Capacity and tradability

Short-term reversal is among the largest raw return anomalies but is largely consumed by transaction costs. The stocks with the strongest reversal are small, illiquid, and expensive to trade. After realistic trading cost estimates, profitability drops substantially, making it difficult to capture in practice.

Role in factor models and risk models

Short-term reversal is generally not included in academic factor models (fama-french-three-factor, fama-french-five-factor, q-factor-model) because it is considered a microstructure phenomenon rather than a priced risk factor. However, commercial risk models like MAC3 include it as a style factor, reflecting its importance for explaining short-horizon return covariance.
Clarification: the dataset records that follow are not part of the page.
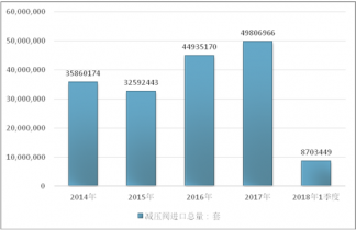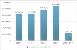 2016年我国减压阀进出口贸易总量96959160套 ,2017年进出口贸易总量107720457套 ;2018年1季度进出口贸易总量22665126套 。
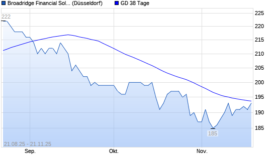Mit dem Anstieg auf 196,00 EUR hat die Broadridge Financial-Aktie am 20.11.2025 die 38-Tage-Linie nach oben gekreuzt.
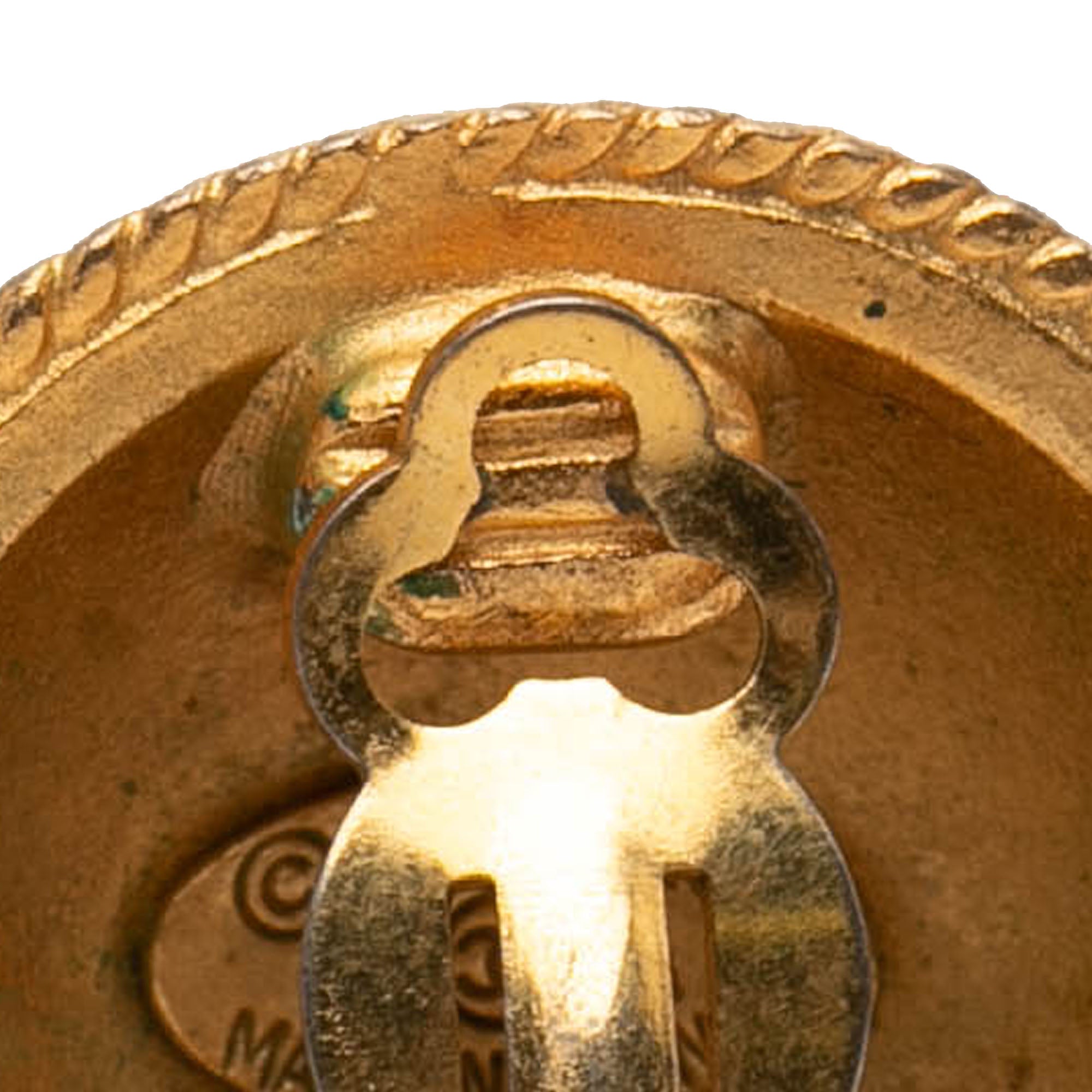 Gold Chanel CC Gold Plated Round Clip On Earrings
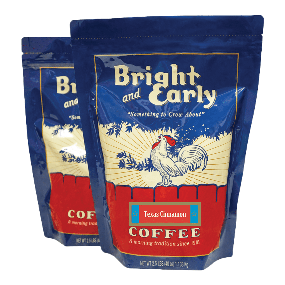 Brew a fresh cup of our Texas Cinnamon coffee for a pleasantly spiced flavored coffee. In Texas, we don’t skimp on flavor. This especially holds true for coffee drinkers. Bright and Early Coffee, a tried and true Texas company for almost a century, offers a coffee featuring notes of freshly ground cinnamon for an unforgettable taste. For an extra touch, try topping with your favorite whipped cream! Our Texas Cinnamon coffee is available in regular or decaf, and in various sizes depending on your preference. Furthermore, choose the grind according to your method of preparation, whether it’s with an automatic drip machine, a French press, etc. Shop today and enjoy a taste of Texas!
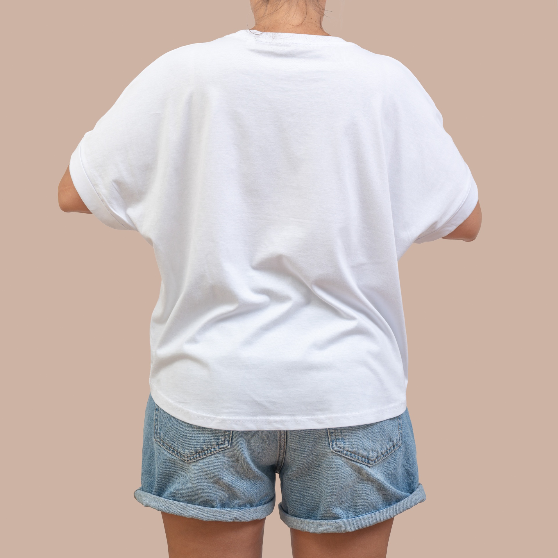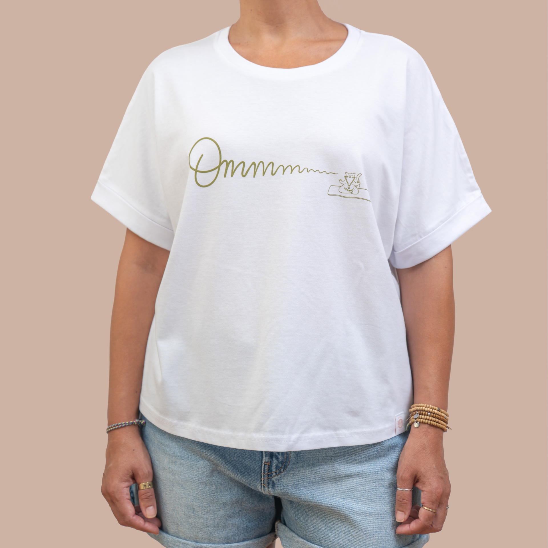 T-shirt OM [Inner Peace] Verde 35,00 € Desconto de %. IVA incluído. Partilhar O produto encontra-se sem stock. The universe breathes with you. Listen. ♥ T-shirt OM - Oversized rolled sleeve Composição: 100% Algodão - penteado Ring Spun Orgânico - 155 g/m². Manga Dolman, ampla e solta, com punho da manga dobrado com reforço. Gola canelada. Fita interior da gola traseira no mesmo tecido. Bainha arredondada com pesponto duplo largo (comprimento das costas maior que o da frente). Fit: Oversized. Nas fotos está a ser usado um tamanho S. Símbolo OM impresso atrás, no canto inferior direito. Marca Yasmin.Lisbon Características
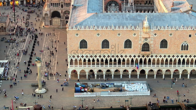 VIDEO Aerial drone view of Doge’s Palace in St. Mark’s Square, near a harbour in Venice City, Italy on a sunny day Royalty Free Stock Video Footage
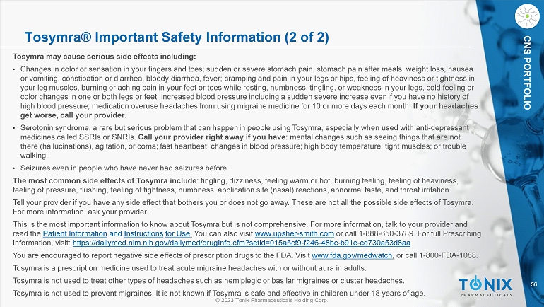 55 © 2023 Tonix Pharmaceuticals Holding Corp. CNS PORTFOLIO Tosymra® Important Safety Information (1 of 2) Tosymra® can cause serious side effects, including heart attack and other heart problems, which may lead to death. Stop Tosymra and get emergency medical help if you have any signs of heart attack: • D iscomfort in the center of your chest that lasts for more than a few minutes or goes away and comes back ; severe tightness, pain, pressure, or heaviness in your chest, throat, neck, or jaw ; pain or discomfort in your arms, back, neck, jaw, or stomach ; shortness of breath with or without chest discomfort; breaking out in a cold sweat ; nausea or vomiting ; feeling lightheaded Tosymra is not for people with risk factors for heart disease (high blood pressure or cholesterol, smoking, overweight, diabetes, family history of heart disease) unless a heart exam is done and shows no problem. Do not use Tosymra if you have: • H istory of heart problems ; narrowing of blood vessels to your legs, arms, stomach, or kidney (peripheral vascular disease) ; uncontrolled high blood pressure ; severe liver problems ; hemiplegic or basilar migraines. If you are not sure if you have these, ask your healthcare provider. • H ad a stroke, transient ischemic attacks (TIAs), or problems with blood circulation ; taken any of the following medicines in the last 24 hours: almotriptan , eletriptan , frovatriptan , naratriptan, rizatriptan, ergotamines , or dihydroergotamine. Ask your provider if you are not sure if your medicine is listed above • are taking certain antidepressants, known as monoamine oxidase (MAO) - A inhibitors or it has been 2 weeks or less since you stopped taking a MAO - A inhibitor . A sk your provider for a list of these medicines if you are not sure • A n allergy to sumatriptan or any ingredient in Tosymra Tell your provider about all of your medical conditions and medicines you take, including vitamins and supplements. Tosymra can cause dizziness, weakness, or drowsiness. If so, do not drive a car, use machinery, or do anything where you need to be alert.

Relationship to other anomalies

Short-term reversal and momentum are conceptually distinct. Momentum sorts on 12-2 month returns (skipping the most recent month precisely to avoid reversal contamination). long-term-reversal operates at 3-5 year horizons and reflects a different mechanism (overreaction to long-run performance).

Sources

  • Risk, Return, and Equilibrium: Empirical Tests (File, DOI)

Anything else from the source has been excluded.